If you read our first post “Why Should I Move My Company to Silicon Valley” and want to know more, then keep reading. If you still can’t think of a good reason to consider setting up here, then readEuropean Entrepreneurs – Les Miserables in The Economist:http://www.economist.com/node/21559618?frsc=dg|a
A full-scale “market launch” is a really expensive, high-risk way to figure out whether your business model will work in the US market. Unless you have a streak of dare devil - enjoy zip-lining over lava pools and swimming with sharks - this is not the model we recommend.

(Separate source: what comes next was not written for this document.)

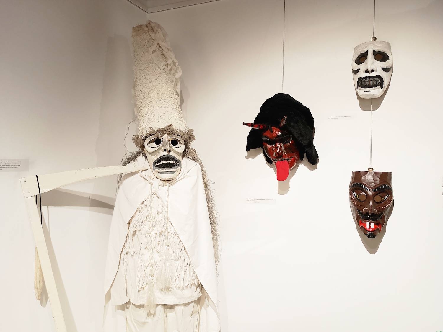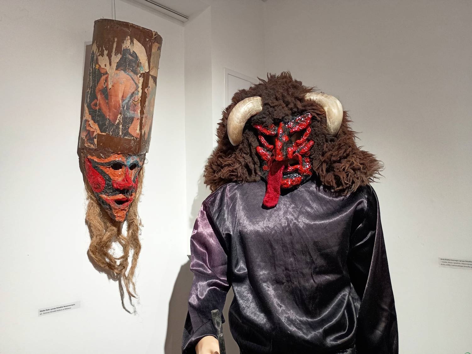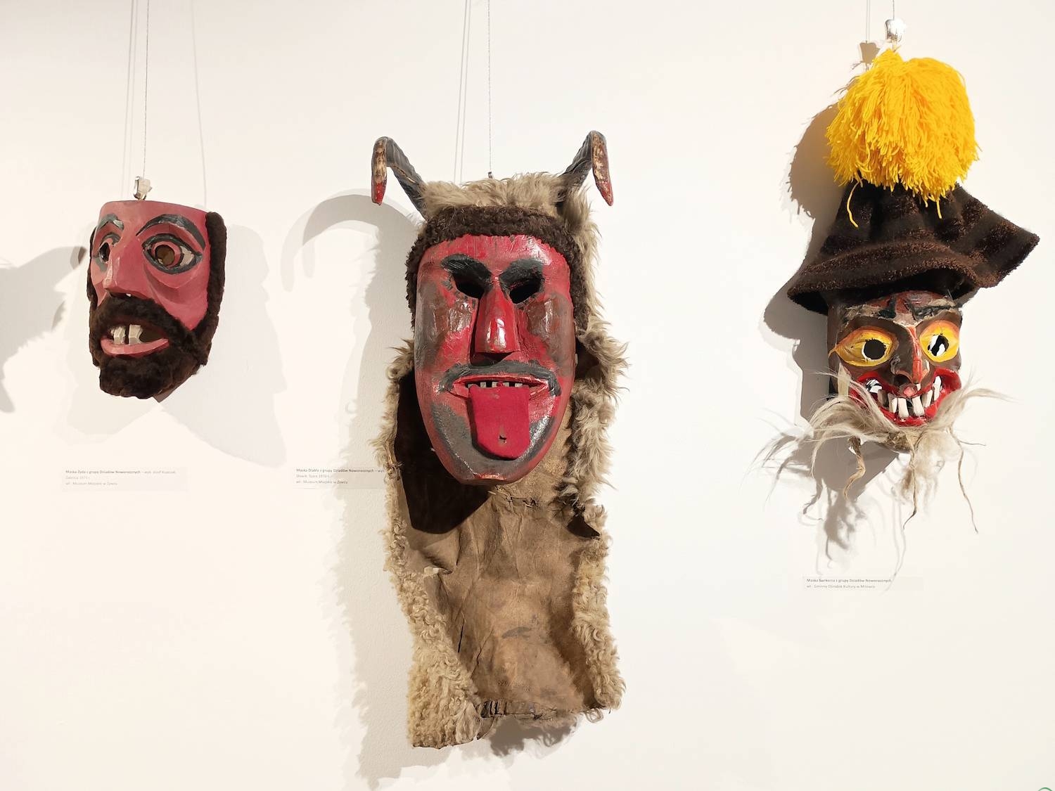 Eksponaty prezentowane na wystawie pochodzą ze zbiorów Muzeum Miejskiego w Żywcu, Muzeum Regionalnego Na Grapie w Jaworzynce, Gminnego Ośrodka Kultury w Milówce oraz zbiorów własnych ich autorów – Zbigniewa Krężeloka zwanego „Poleśnym”, Adriana Mokrysa i Bartłomieja Potasiaka. – Zająłem się rzeźbieniem masek w czasie pandemii i od tego czasu razem z żoną wykonujemy choćby całe stroje dziadowskie. Maski wykonuję z drewna lipowego, a potem maluję je farbami akrylowymi lub olejnymi, a gdy wyschną, zdobię kawałkami materiału czy bibuły – mówi Bartłomiej Potasiak z Cięciny.

Swimming with the sharks often leads to sleeping with the fish. Whenever possible we will swim with the dolphins (no more marine metaphors – promise).
So how do you get started?
There is an old joke about how to eat an elephant. The answer is “one bite at a time”. That is also a good way to getting started in Silicon Valley.
This Lean go-to-market approach 1) assumes that your plan for conquering the New World is more of aGuess than a Plan; and 2) acknowledges that guesses need to be validated before you invest full scale. So instead of starting out with a Launch, you start out with a Learn. We recommend a three-stage process.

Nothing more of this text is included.